SOAS LITERARY REVIEW
(1), Winter 1999
Contents
Introduction
The first issue of SOAS Literary Review
provides a glimpse of the richness of literary research
at SOAS. The articles range from Somalia to Pakistan via
a journey from the Cape to Cairo. Maxamed Daahir Afrax discusses
the dissonance between rural poetic traditions and modern
urban society in Somalia. Anders Breidlid, in his article
on the South African writer, Marxist, and anti-apartheid
campaigner, Alex La Guma, explores the notion of resistance
literature and its possibilities and limits for political
practice. In his discussion of the Egyptian Nobel Laureate
Naguib Mahfouz, Anshuman Mondal assesses the representation
of women and sexuality in his famous Cairo Trilogy.
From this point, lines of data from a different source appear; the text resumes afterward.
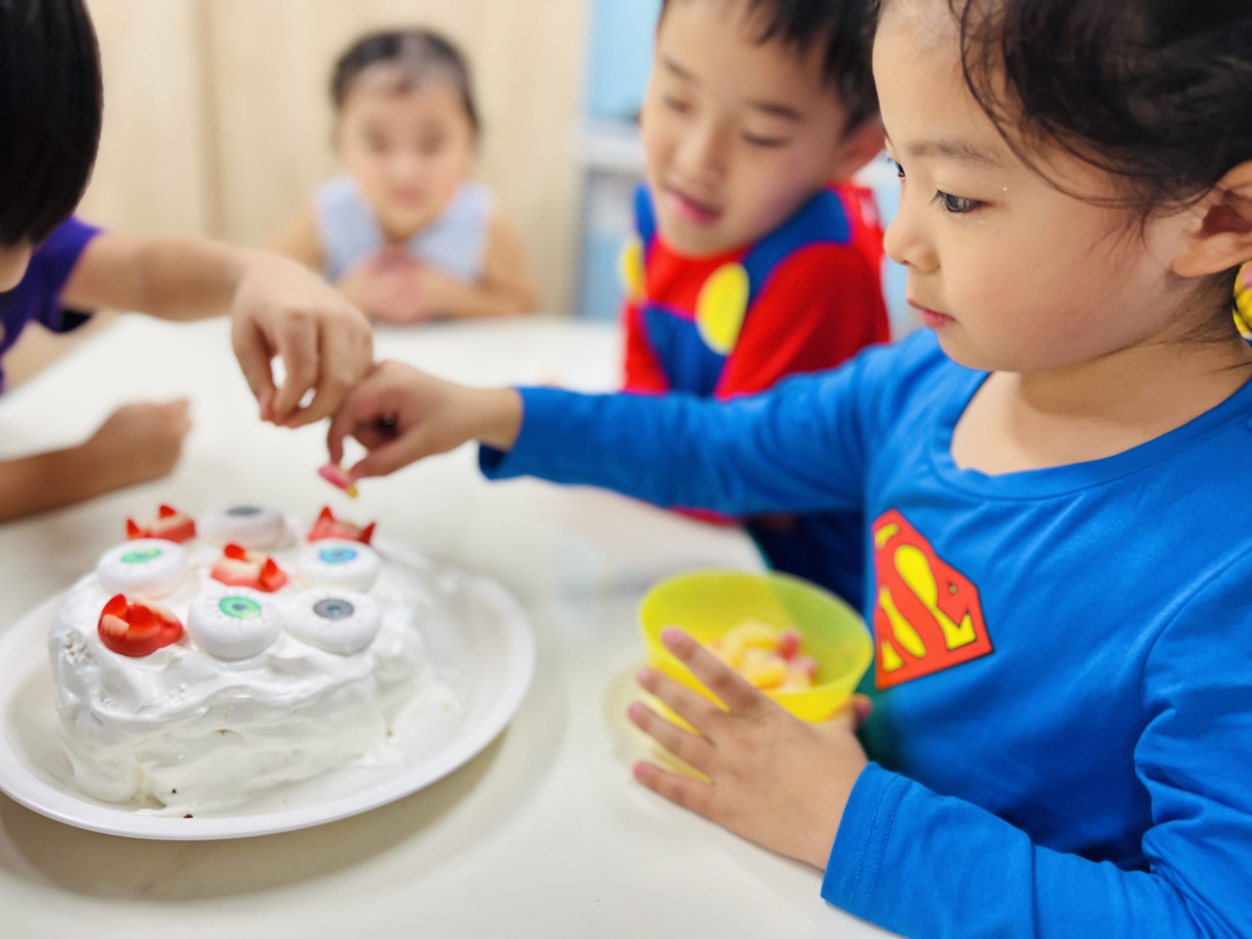 ゾンビの目玉グミやドラキュラの歯のグミをのせてデコレーションをしたら、
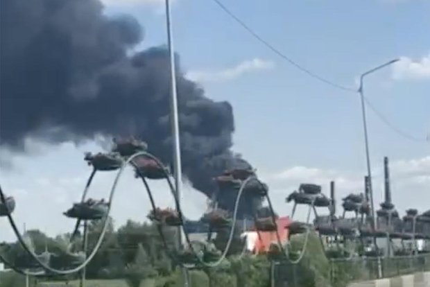 Teleqraf xarici KİV-ə istinadla xəbər verir ki, zavodun vurulmasından sonra sənaye zonasında qalın qara tüstü müşahidə olunub.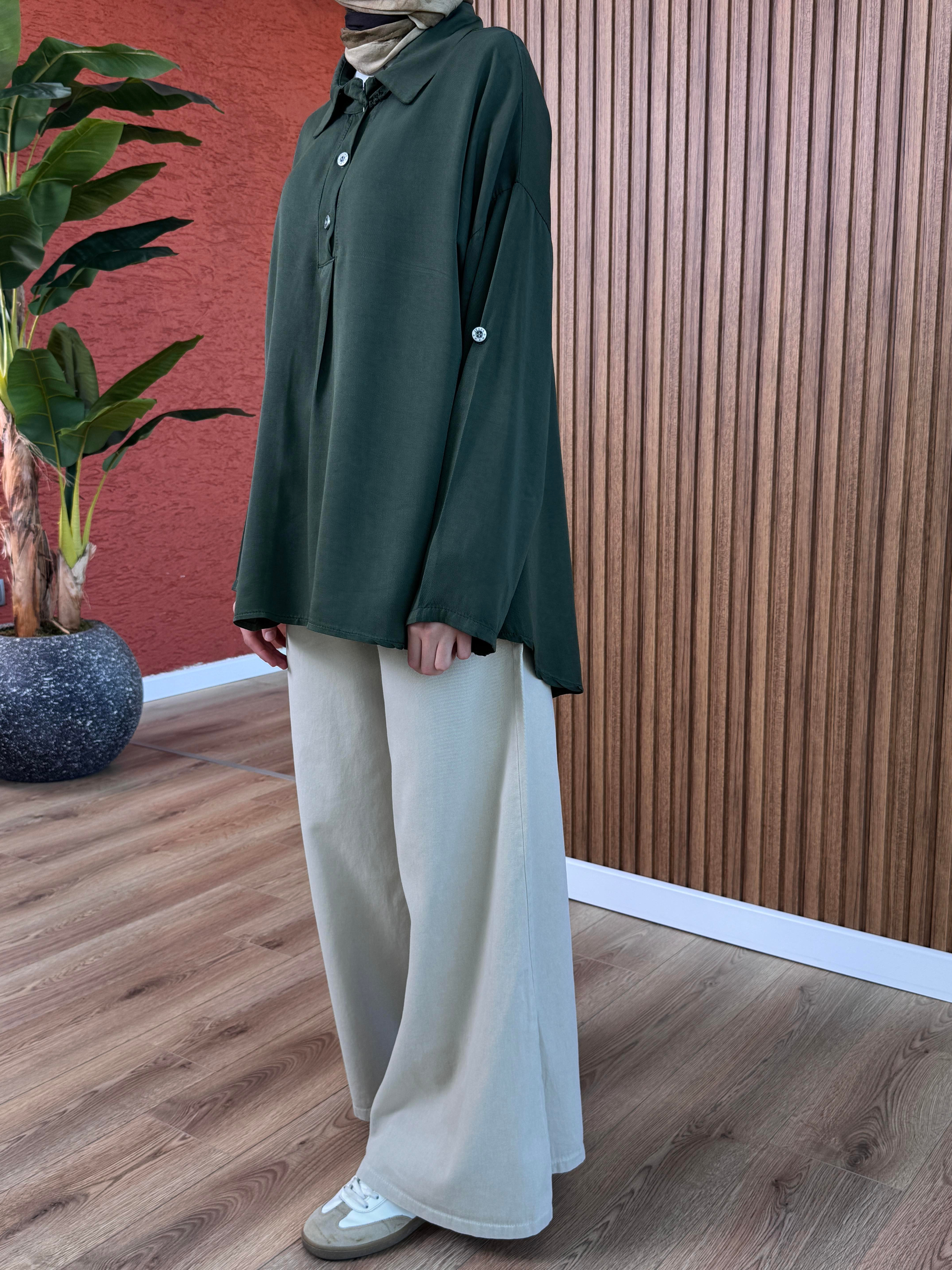 Kadın Tencel Kumaş Tunik-Haki (Q193)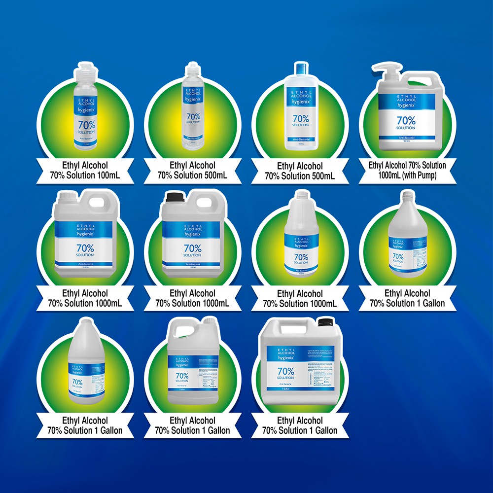 Hygienix 70% Ethyl Alcohol Antibacterial Solution 1 Gallon - Set of 2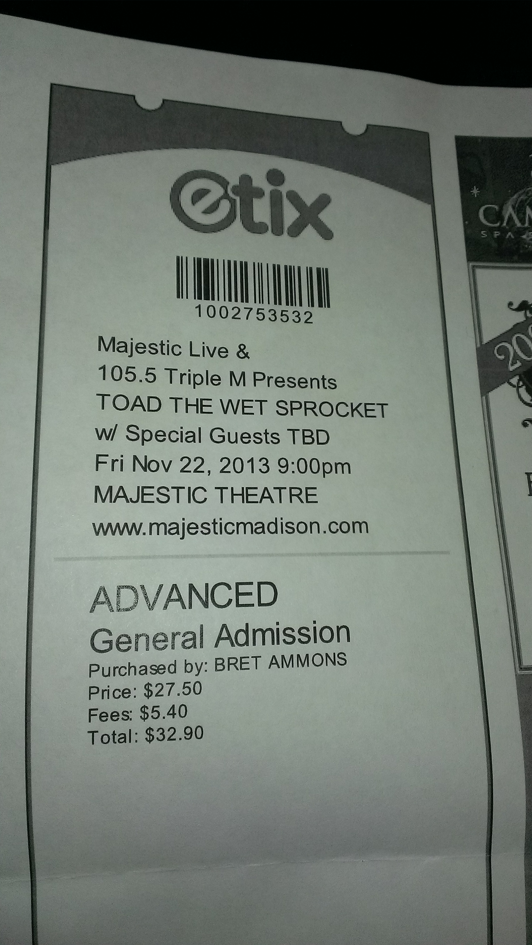 I went to see Toad The Wet Sprocket at The Majestic with Bret.

This issue also includes Amina Yaqin’s
translations of three contemporary women Urdu poets. While
introducing the work of these poets to a wider audience,
we also hope that translations will become a regular feature
of the journal and stimulate discussion on the processes
of translation and its role in literary research.
Another feature which has a specific relevance
to postgraduate research in the literatures of our chosen
regions is demonstrated by Munizha Ahmad’s notes on her
fieldwork in India. As this article states, the experiences
of literary fieldwork and the issues raised by them is an
area which would benefit from collective discussion. Again,
the intention is that a dialogue will be created through
which problems can be raised and possibly resolved.
We finish with a review of a recent book
on the Turkish revolutionary poet, Nazim Hikmet, and Kai
Easton’s appraisal of a documentary on the work of the double
Booker-prize winning South African writer J.M.Coetzee. While
this issue has focused on research being conducted here
at SOAS, future issues will bring together the work of postgraduates
from other universities and colleges.